* **What is expected**:
Your task is to copy every line of the entries that contains "飯田線秘境駅号".

*** Supplied records ***

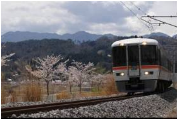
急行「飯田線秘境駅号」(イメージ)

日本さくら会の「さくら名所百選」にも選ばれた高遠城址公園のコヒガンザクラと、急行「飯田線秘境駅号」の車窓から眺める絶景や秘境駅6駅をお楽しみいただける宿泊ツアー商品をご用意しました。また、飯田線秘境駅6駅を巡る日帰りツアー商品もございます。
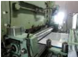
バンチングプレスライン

*** End of Supplied records ***
*** Supplied records ***

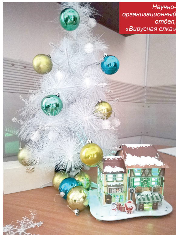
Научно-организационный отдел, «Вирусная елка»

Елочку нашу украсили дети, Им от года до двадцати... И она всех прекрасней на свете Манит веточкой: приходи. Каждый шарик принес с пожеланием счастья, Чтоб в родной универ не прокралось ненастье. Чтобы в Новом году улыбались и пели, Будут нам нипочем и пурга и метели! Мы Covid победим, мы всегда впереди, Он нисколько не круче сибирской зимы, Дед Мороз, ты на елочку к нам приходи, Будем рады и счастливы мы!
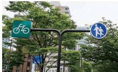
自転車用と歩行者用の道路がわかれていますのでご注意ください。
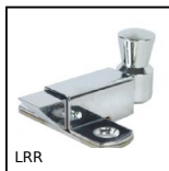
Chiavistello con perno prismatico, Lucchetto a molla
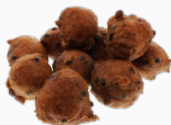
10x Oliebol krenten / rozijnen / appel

*** End of Supplied records ***

* **Answer to the exercise**:
急行「飯田線秘境駅号」(イメージ)
日本さくら会の「さくら名所百選」にも選ばれた高遠城址公園のコヒガンザクラと、急行「飯田線秘境駅号」の車窓から眺める絶景や秘境駅6駅をお楽しみいただける宿泊ツアー商品をご用意しました。また、飯田線秘境駅6駅を巡る日帰りツアー商品もございます。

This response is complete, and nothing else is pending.